Records from a dataset

*** Begin section ***

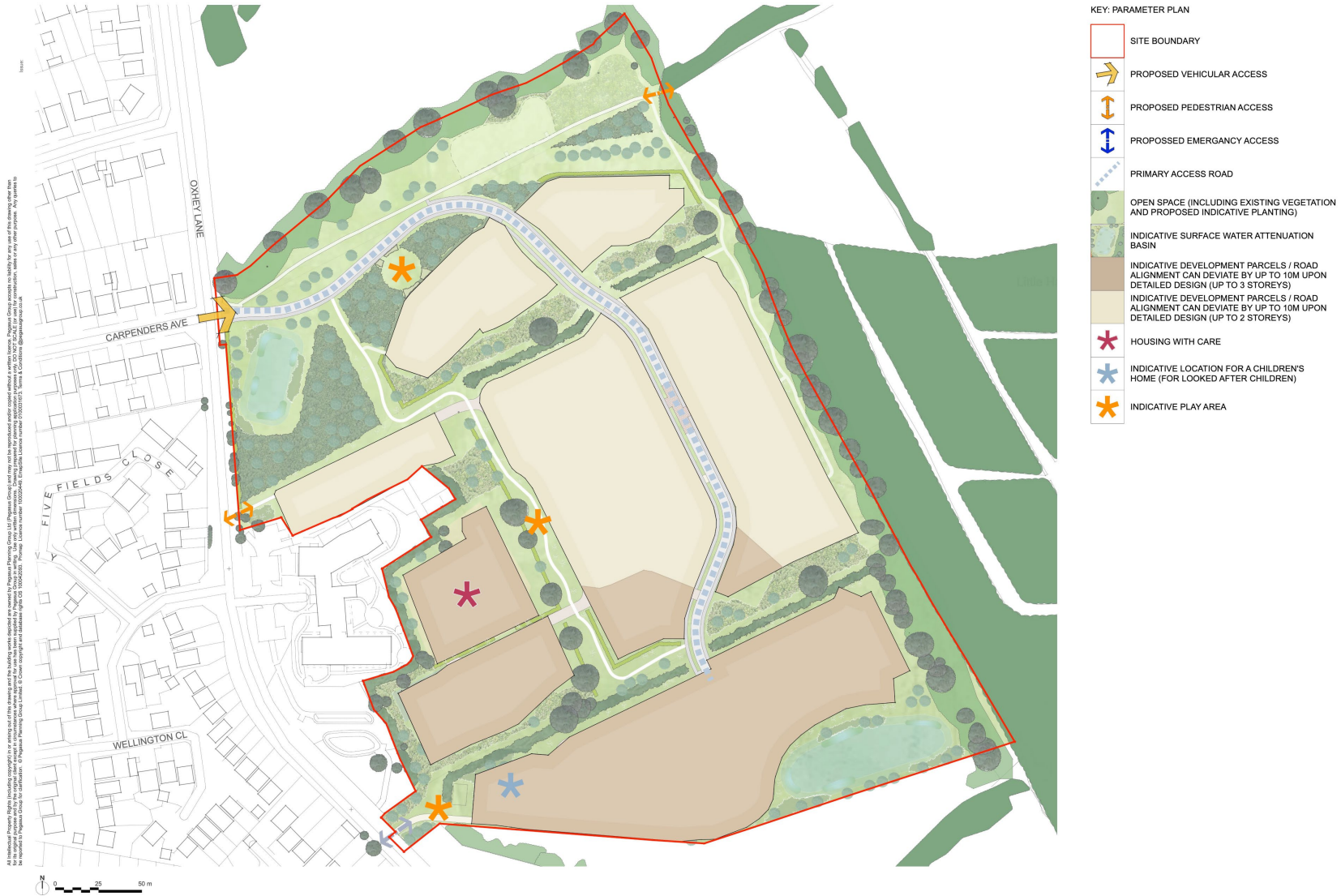
Amended Parameter Plan
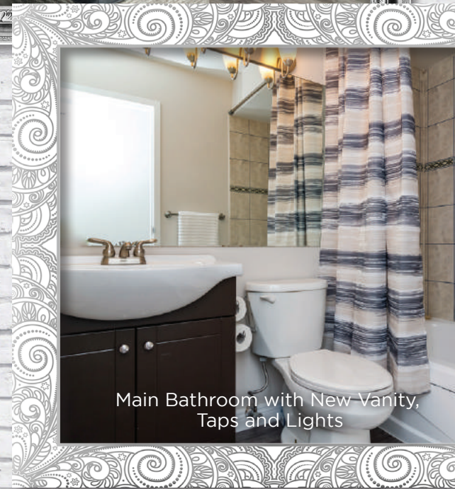
Main Bathroom with New Vanity, Taps and Lights
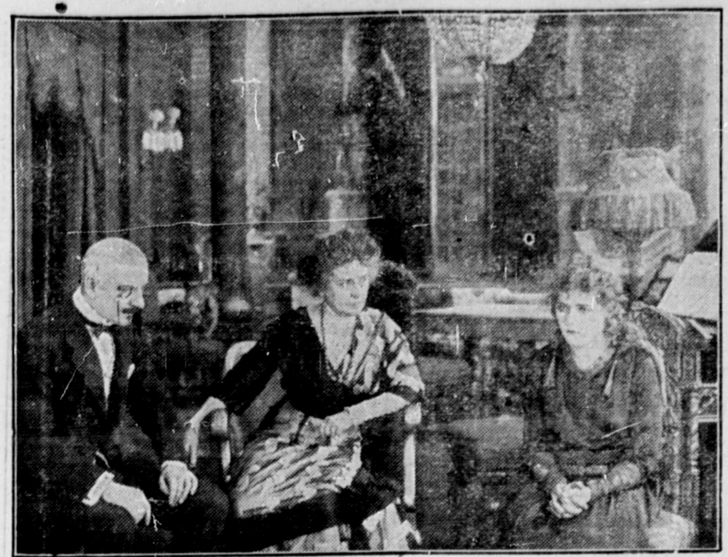
MARY PICKFORD IN "RAGS" AT THE WESTHOLME TONIGHT
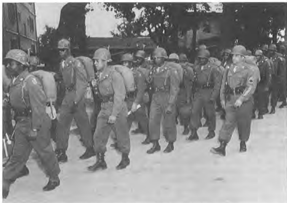
REPORTING TO KITZINGEN. Men of Company B, 371st Infantry Battalion, arrive for refresher course in basic military training.

quickly produced some impressive statistics. Thousands of soldiers—at the peak in 1950 more than 62 percent of all Negroes in the command—were enrolled in the military training course at Kitzingen or in on-duty educational programs organized in over two-thirds of the black companies throughout the command. By June 1950 the program had over 2,900 students and 200 instructors. A year later, the European commander estimated that since the program began some 1,169 Negroes had completed fifth grade in his schools, 2,150 had finished grade school, and 418 had passed the high school equivalency test. 28 The experiment had a practical and long-lasting effect on the Army. For example, in 1950 a sampling of three black units showed that after undergoing training at Kitzingen and in their own units the men scored an average of twenty points higher in Army classification tests. According to a 1950 European Command estimate, the command's education program was producing some of the finest trained black troops in the Army.
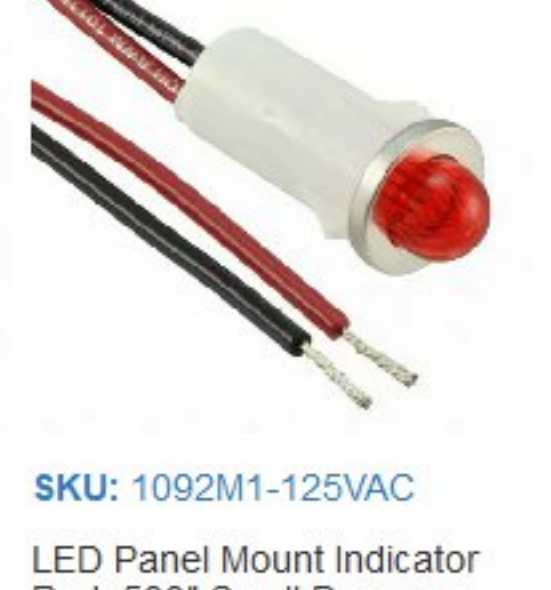
Red .500" Small Dome 125VAC Wire Leads Panel Mount Indicator, 1092

125VAC Wire Leads Panel Mount Indicators, LED Panel Mount Indicators, LED Panel Mount Indicators, LED Panel Mount Indicator, 1092 Series
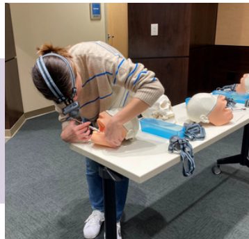
Dental Pain Training

Mental health and substance use prevention at work
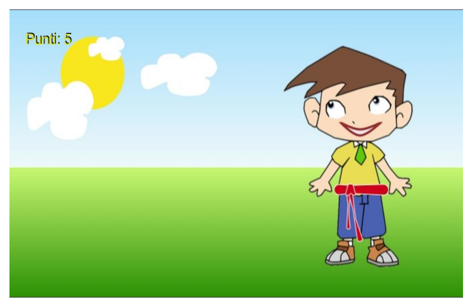
Figure 3. Another engage element is multiple game levels, with different prizes: a green belt, a red belt, a blue belt, a safety star.
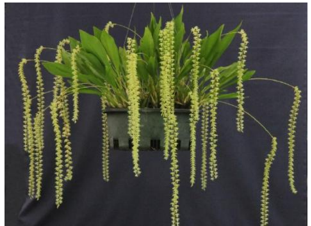
Dendrochilum cobbianum becomes Coelogyne cobbiana
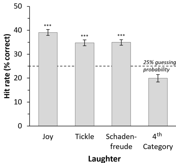
Figure 1. Classification results for Experiment 1. Data combined for all three runs (total N = 159; total number of stimuli = 381). In all runs, Joy, Tickle, and Schadenfreude laughter were presented, plus one additional fourth category (Pity in run 1, Embarrassment in run 2, and Cute-emotion in run 3). Data for the variable fourth category are averaged (see Results for details). ***Hit rate is significantly ( p < .001 ; one-sample t-tests, Bonferroni corrected) higher than the guessing probability of 25% (confirmed by calculation of the unbiased hit rate H_u 36 , see Results). Error bars denote standard error of the mean (SEM).

horizontally on the screen. Participants were asked to first listen to the full laughter sequence before giving their answer. They were able to listen to the same sequence as many times as they wished before giving an answer. Once an answer box has been selected, the next laughter was played. The stimuli within a run were presented in three blocks, and participants were able to have a break between each block. Participants judged between 104 and 141 laughter stimuli per run (see Table 1 for details).
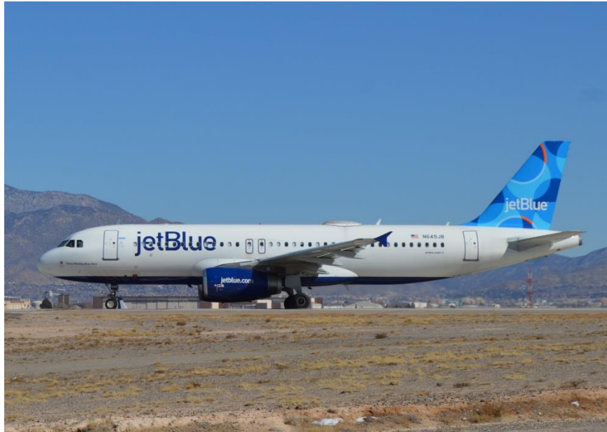
October 11, 2022 - This JetBlue Airbus A320 N649JB taxis to runway 08 for departure from the Albuquerque Sunport on February 18, 2022.
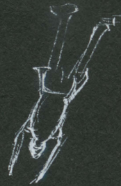
— SWIMMING POOL —
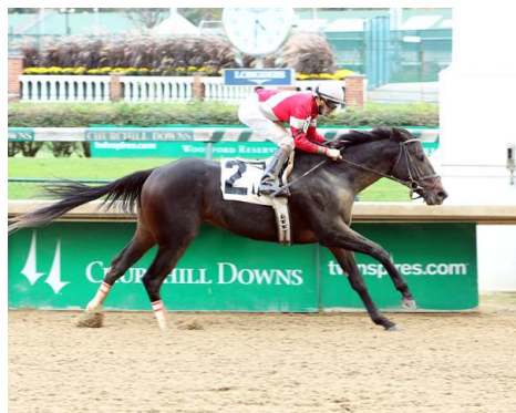
McCraken

*** End section ***

What is expected
Copy exactly, and copy nothing else: the lines from the one containing "October 11, 2022" through the end of the data, both ends included, with pictures left out.

Task solution
October 11, 2022 - This JetBlue Airbus A320 N649JB taxis to runway 08 for departure from the Albuquerque Sunport on February 18, 2022.
— SWIMMING POOL —
McCraken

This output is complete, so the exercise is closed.